Sami Music and Social Policy Connotations: International Symposium, Yoik Workshop, and Concert

The Sami are an ethnic group indigenous to the cultural region known as Sápmi, which is situated near the Arctic Circle in Sweden, Norway, Finland, and parts of Russia—and while their history is characterised by discrimination, they are now playing an increasingly prominent role in the political discourses and musical representation of the Nordic countries. In the spheres of both political action and ethnomusicological research, indigenous populations are typically part of the discourses on minorities. And for this reason, their music is tied closely in a thematic sense to the emphasis on “Music and Minorities” at the Department of Folk Music Research and Ethnomusicology.

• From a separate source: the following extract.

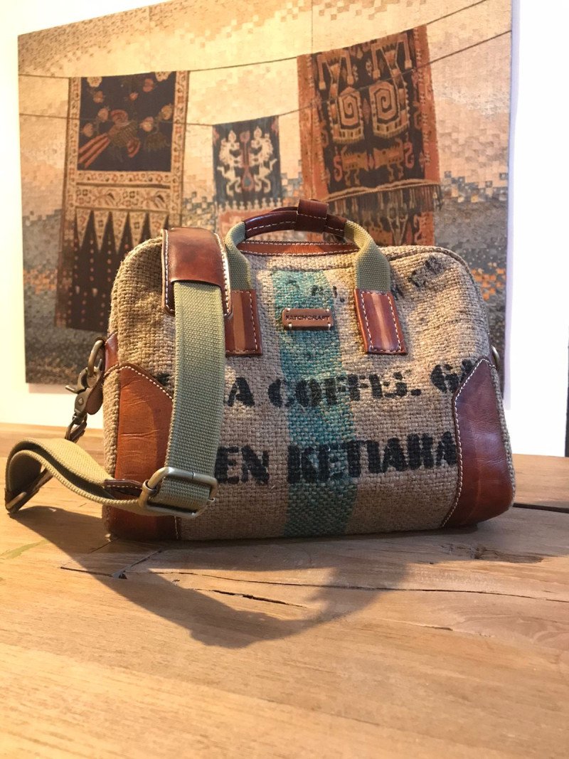 Office Bag yang terbuat dari bahan benang jute yang ditenun oleh pengrajin menggunakan alat tenun

Map of the Sami region by Jane Cousinne

Indigenous people are often viewed as being “exotic” to a certain extent, and their musical expressions, in particular, are frequently subject to diverse clichés. This stems from the fact that, in such indigenous societies, music served ritual or cultic functions in the past and occasionally still does today. In fact, the word “music” does not even exist in most indigenous languages. So the aforementioned cultic functions are highly attractive for all forms of esoteric instrumentalisation, with indigenous music thus being associated with shamanism and animist religions and quite generally standing for “spirituality”. The “yoik” of the Sami is one such type of music. Yoik is a Sami vocal genre that is tied closely to the group’s homeland and its natural environment; it is improvisation-based and used to play a major role in shamanism. This was the reason why, over the course of history, yoik was subject to repeated bans—especially by the Church. The symposium Sami Music – Sonic Politics in the European North will now take a closer look at the history of bans on this music as well as at the fascination that has emanated from yoik and had an impact on archival holdings. It is also about contemporary political instrumentalisation and representation, since today, the yoik is present in many genres of art music and popular music, even having played a role at the Eurovision Song Contest. And finally, in light of the discourses on indigenous musical genres, society’s negotiation of power relations will be portrayed in the loaded context of minorities and majorities. Six international experts have agreed to participate and will present this material in the form of lectures with subsequent discussions.

As important as its socio-political embedding may be, it still seems equally important to place the music itself front and centre. Therefore, this symposium will also include a yoik workshop and a concert courtesy of musicians who are themselves members of this minority.